* **Goal of the exercise**
For the records below, print the lines from the line with "La Crème Élégance" through the line with "Prepínanie medzi normálnou" exactly as written; include both end lines and exclude the rest.

* **Information given**
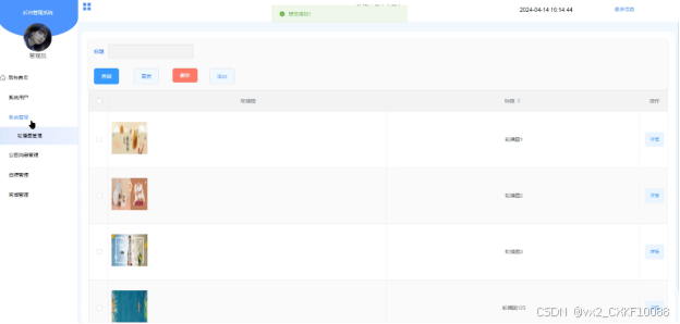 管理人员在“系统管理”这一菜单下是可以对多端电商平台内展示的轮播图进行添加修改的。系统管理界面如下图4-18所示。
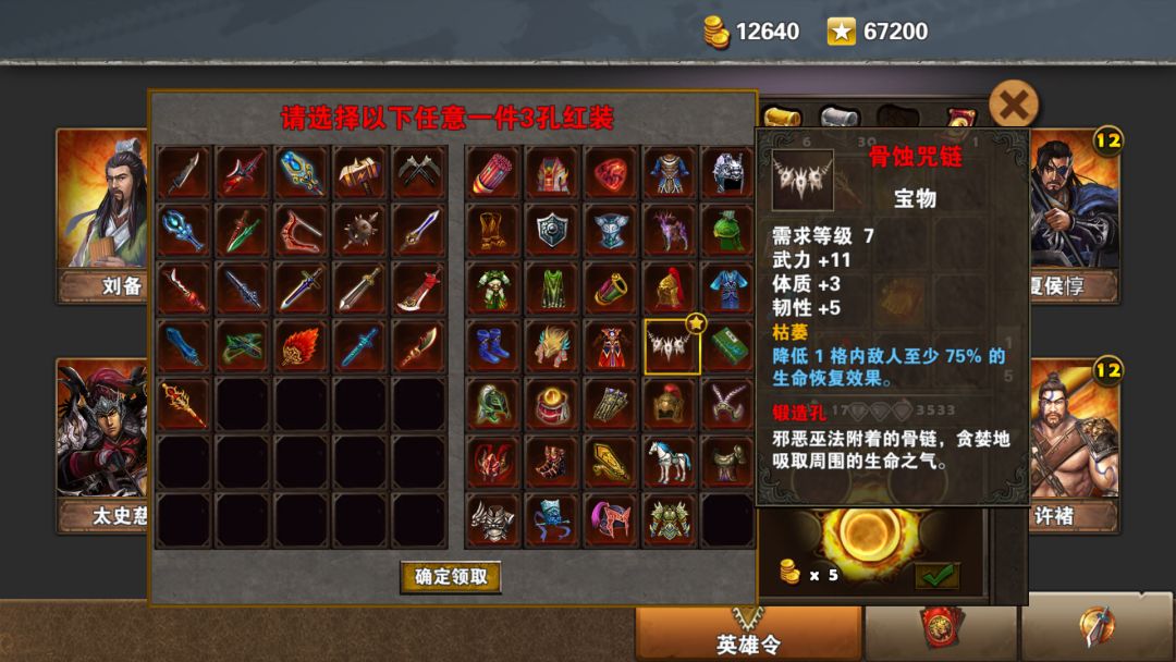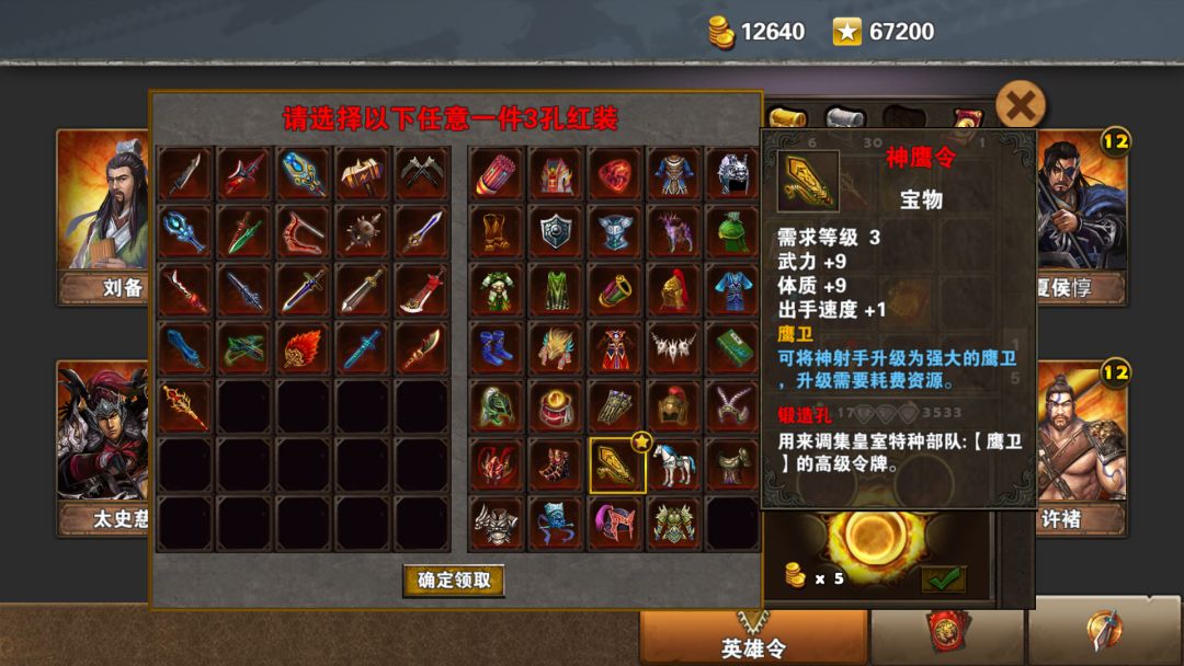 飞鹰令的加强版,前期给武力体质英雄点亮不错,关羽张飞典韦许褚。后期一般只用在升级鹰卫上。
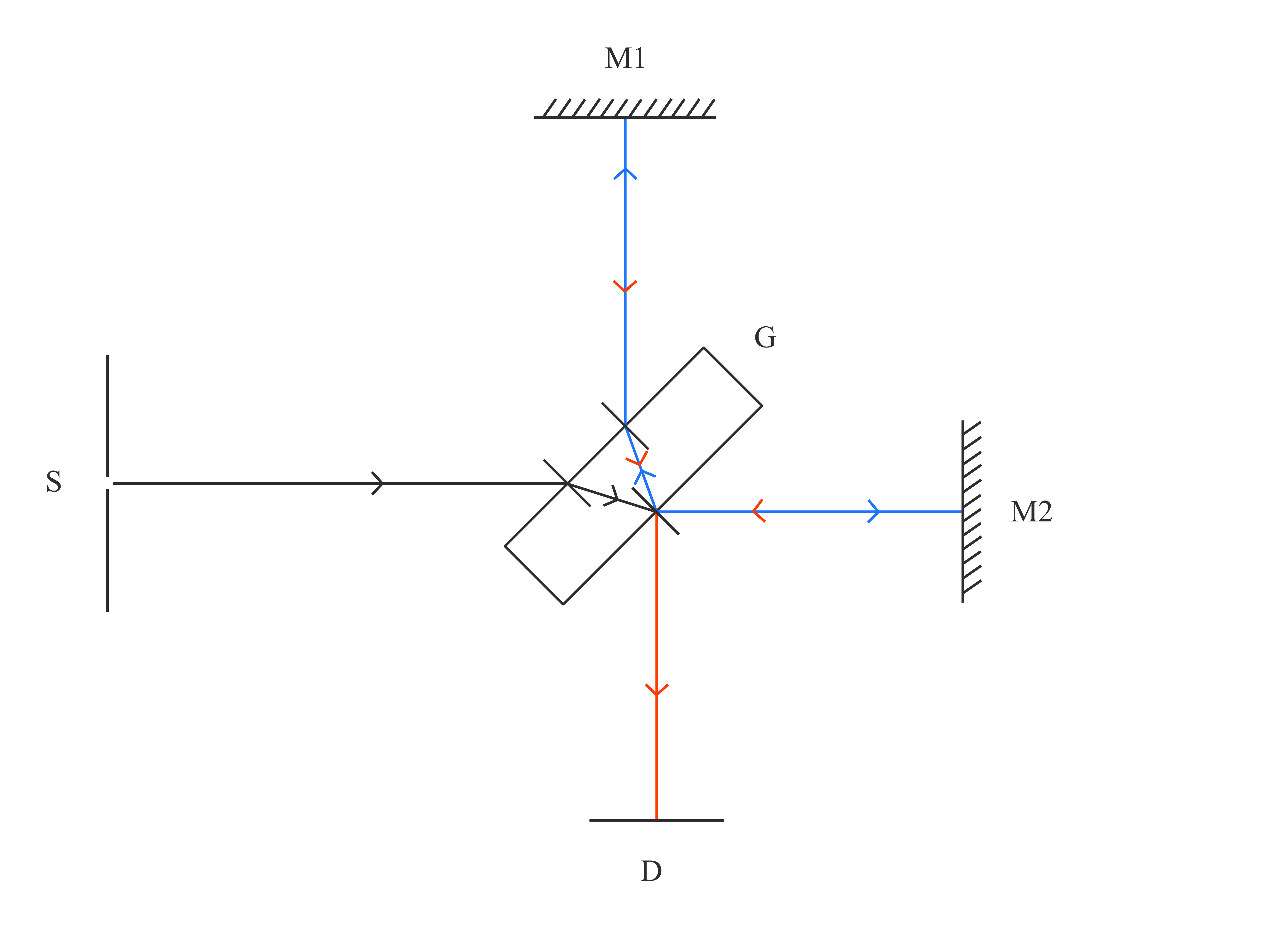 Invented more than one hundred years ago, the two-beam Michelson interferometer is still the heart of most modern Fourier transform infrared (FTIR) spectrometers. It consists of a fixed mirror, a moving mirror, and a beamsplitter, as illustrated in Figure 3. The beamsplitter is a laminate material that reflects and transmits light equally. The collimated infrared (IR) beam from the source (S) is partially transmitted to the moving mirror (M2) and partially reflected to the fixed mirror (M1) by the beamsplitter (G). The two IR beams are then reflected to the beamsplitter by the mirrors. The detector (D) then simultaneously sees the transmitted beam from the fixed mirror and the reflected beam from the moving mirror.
==
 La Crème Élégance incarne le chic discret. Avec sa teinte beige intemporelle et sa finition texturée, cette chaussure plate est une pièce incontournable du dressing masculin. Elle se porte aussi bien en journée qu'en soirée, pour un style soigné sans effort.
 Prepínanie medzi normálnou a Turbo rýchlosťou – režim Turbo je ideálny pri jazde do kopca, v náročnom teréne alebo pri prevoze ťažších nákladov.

* **Response below**
 La Crème Élégance incarne le chic discret. Avec sa teinte beige intemporelle et sa finition texturée, cette chaussure plate est une pièce incontournable du dressing masculin. Elle se porte aussi bien en journée qu'en soirée, pour un style soigné sans effort.
 Prepínanie medzi normálnou a Turbo rýchlosťou – režim Turbo je ideálny pri jazde do kopca, v náročnom teréne alebo pri prevoze ťažších nákladov.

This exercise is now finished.